Write out every line exactly, from the start of the records below to the line with "Endenergieverbrauch beträgt 52.60", and stop there. Don't write out the pictures.

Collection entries
----------

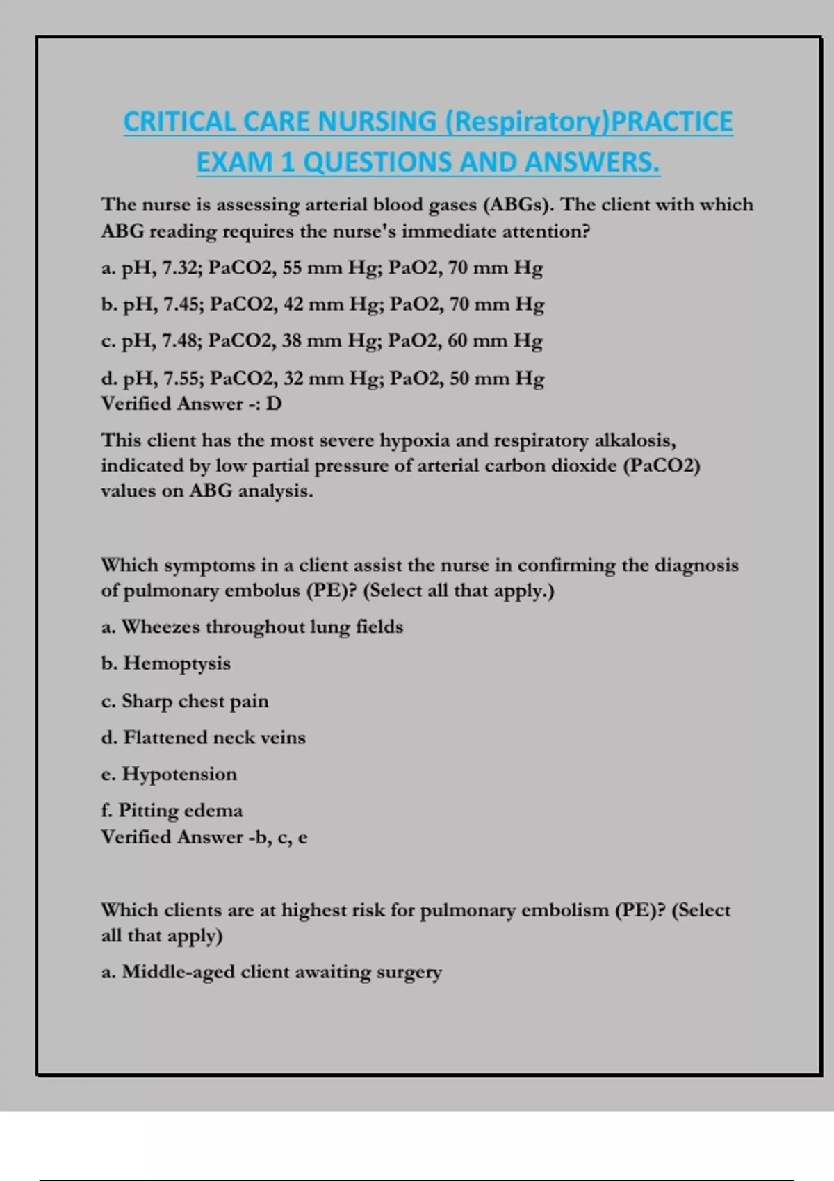 The nurse is assessing arterial blood gases (ABGs). The client with which
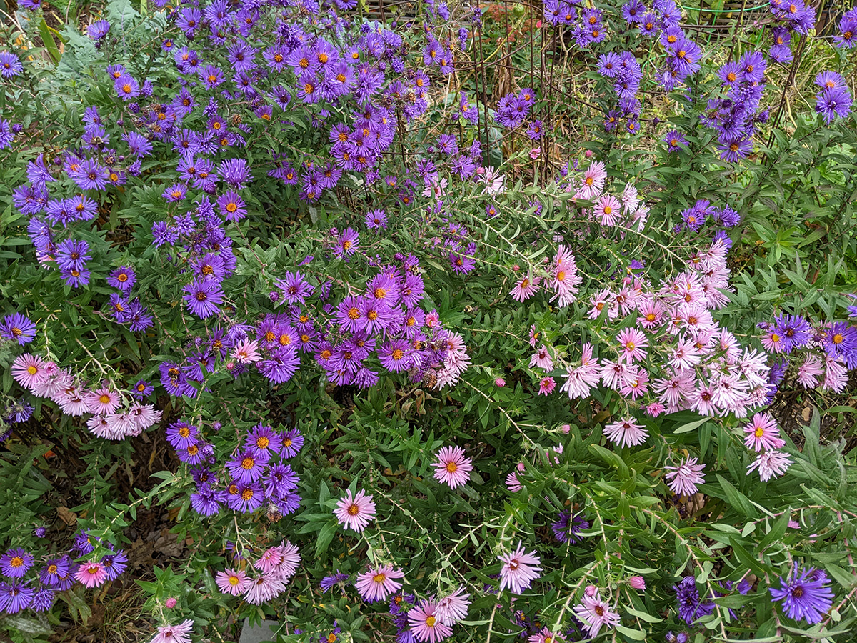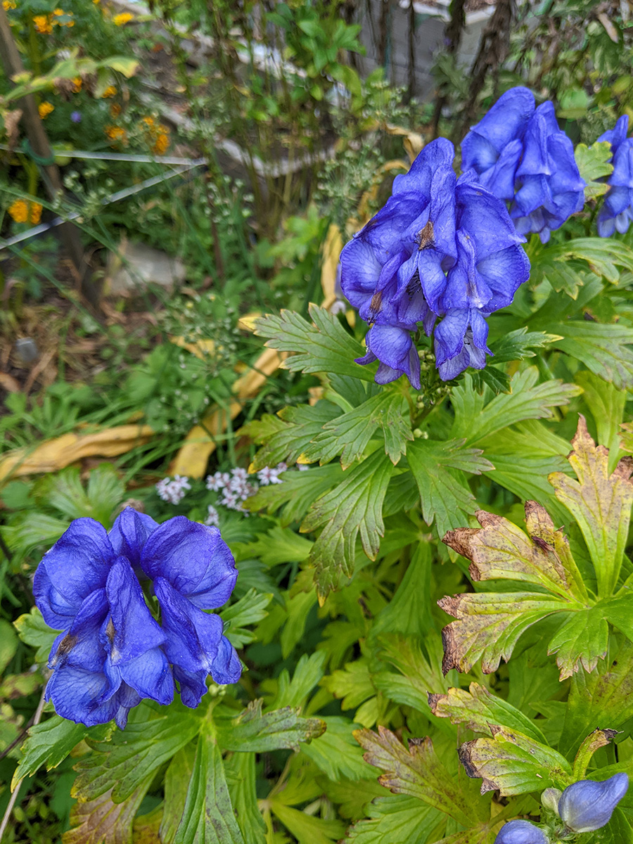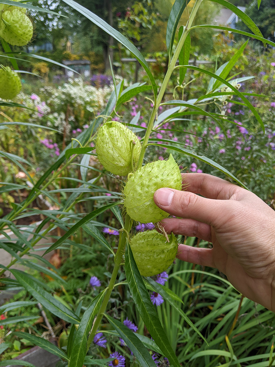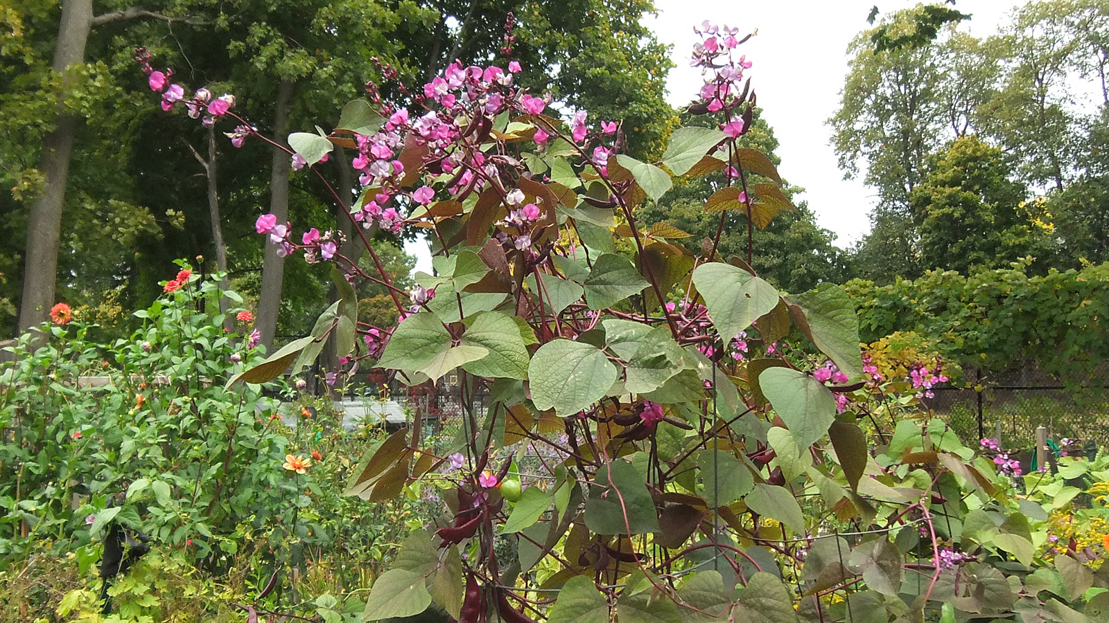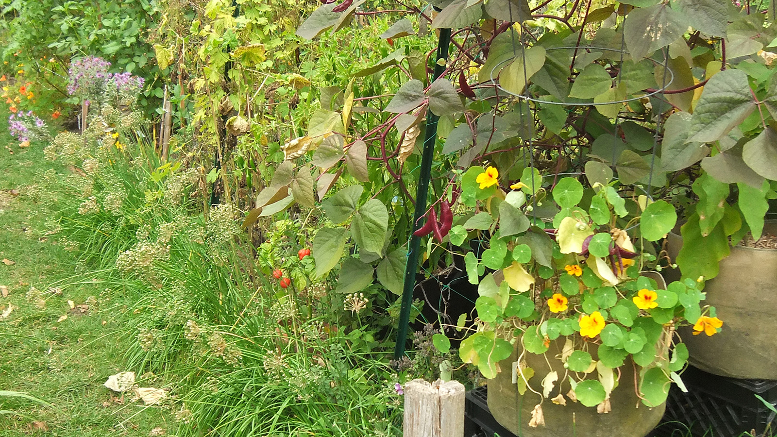 back at home, i walked down to the community garden to work on my plot. i got an e-mail from anne marie yesterday saying my garden was getting a little wild and suggested i trim it back from the paths. the last time i was there was 3 weeks ago. yes, my garden was a little crazy, but it wasn't that bad. i brought my 3D fuji camera to take some photos before starting to trim back the garlic chives and goldenrods, the main culprits. once that was done, i collected a few tomatoes and peppers (serrano and habaneros). there were tons of hyacinth beans but i wasn't in the mood to pick them, i'll do that some other time. besides, i felt some rain drops, and decided to head home before i got soaked.
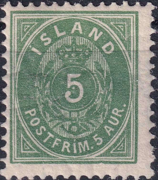 1882, Island, 0013B, Výplatní známka: Číslice s korunou v oválu ✶
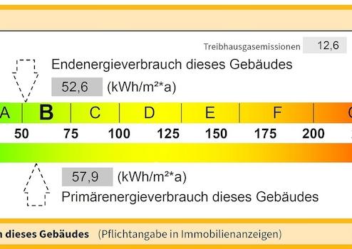 Endenergieverbrauch beträgt 52.60 kwh/(m²*a).
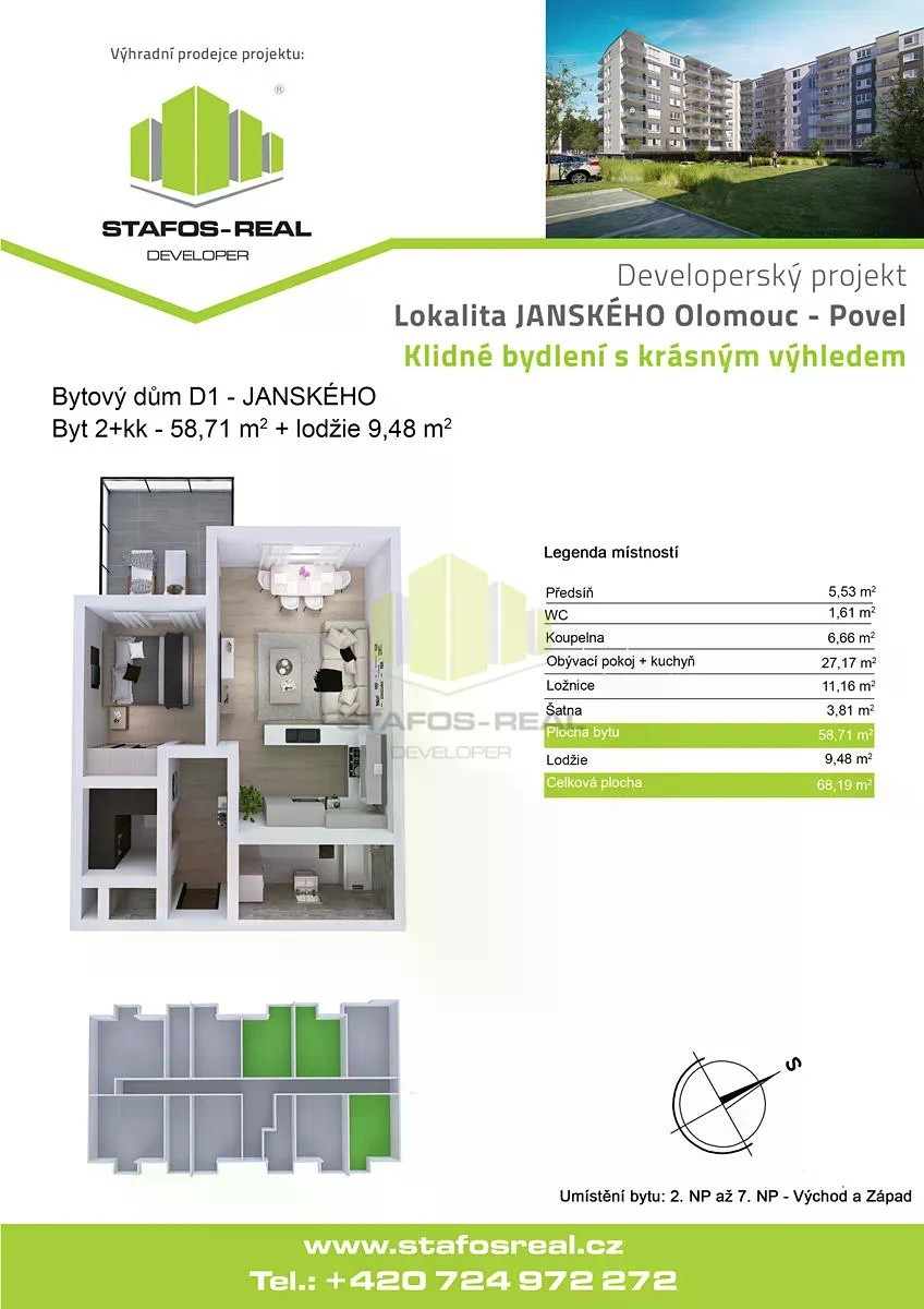 Představujeme vám jedinečnou příležitost k pronájmu novostavby luxusního bytu 2+kk s užitnou plochou 58,71 m2 a lodžií o rozloze 9,48 m2. Tento exkluzivní byt se nachází ve 4. nadzemním podlaží kvalitní novostavby, zkolaudované ke konci roku 2023. Těšit se můžete na prestižní lokalitu na ulici Janského, v oblíbeném olomouckém obvodu Povel. Lokalita je ideální pro každodenní život, ať už kvůli blízkosti centra města, Fakultní nemocnice či dálničního příjezdu do Olomouce, tak díky snadné dostupnosti širokého spektra obchodů, služeb a dopravních spojení. Vaše nové bydlení nabídne slunnou západní orientaci a prostorný obývací pokoj s kuchyňským koutem a vstupem na lodžii. Součástí bytu je také vstupní hala, šatna, koupelna s vanou, samostatné WC a ložnice. Interiér je dokonalý až do detailu - vinylovou podlahu doplňují okna s trojsklem, moderní keramické obklady a dlažba v koupelně, či klimatizace u vybraných bytů a vnitřní žaluzie. Výjimečnost tohoto bydlení dokreslují prvotřídní služby a zařízení objektu. Tento bytový dům patří do energetické třídy B, což znamená nižší náklady na bydlení. Dům také nabízí komfortní řešení zvukového a tepelného útlumu mezi byty i oddělení chodeb od výtahu, bezbariérový přístup, dva moderní výtahy, vysokorychlostní internet a mnoho dalšího. Nájemné činí 17.500 Kč/měsíc plus náklady na bydlení cca 2.700 Kč a elektřinu. Byt se pronajímá nevybavený, součástí je kuchyňská linka se spotřebiči. Kauce je ve výši dvou měsíčních nájmů s náklady na bydlení. Součástí pronájmu je také vyhrazené venkovní parkovací stání. Začněte Vaší novou životní kapitolu bydlení od února 2026 či po domluvě dříve a vychutnejte si radost z bydlení v zbrusu novém bytě. Prověřujeme evidenci exekucí, insolvencí a dluhů na zdravotním pojištění našich potenciálních nájemníků. Pro lepší představu o tomto bydlení vám doporučujeme shlédnout virtuální prohlídku, která vám také poskytne možnost změřit jakýkoliv rozměr tohoto bytu.

----------

Output:
 The nurse is assessing arterial blood gases (ABGs). The client with which
 back at home, i walked down to the community garden to work on my plot. i got an e-mail from anne marie yesterday saying my garden was getting a little wild and suggested i trim it back from the paths. the last time i was there was 3 weeks ago. yes, my garden was a little crazy, but it wasn't that bad. i brought my 3D fuji camera to take some photos before starting to trim back the garlic chives and goldenrods, the main culprits. once that was done, i collected a few tomatoes and peppers (serrano and habaneros). there were tons of hyacinth beans but i wasn't in the mood to pick them, i'll do that some other time. besides, i felt some rain drops, and decided to head home before i got soaked.
 1882, Island, 0013B, Výplatní známka: Číslice s korunou v oválu ✶
 Endenergieverbrauch beträgt 52.60 kwh/(m²*a).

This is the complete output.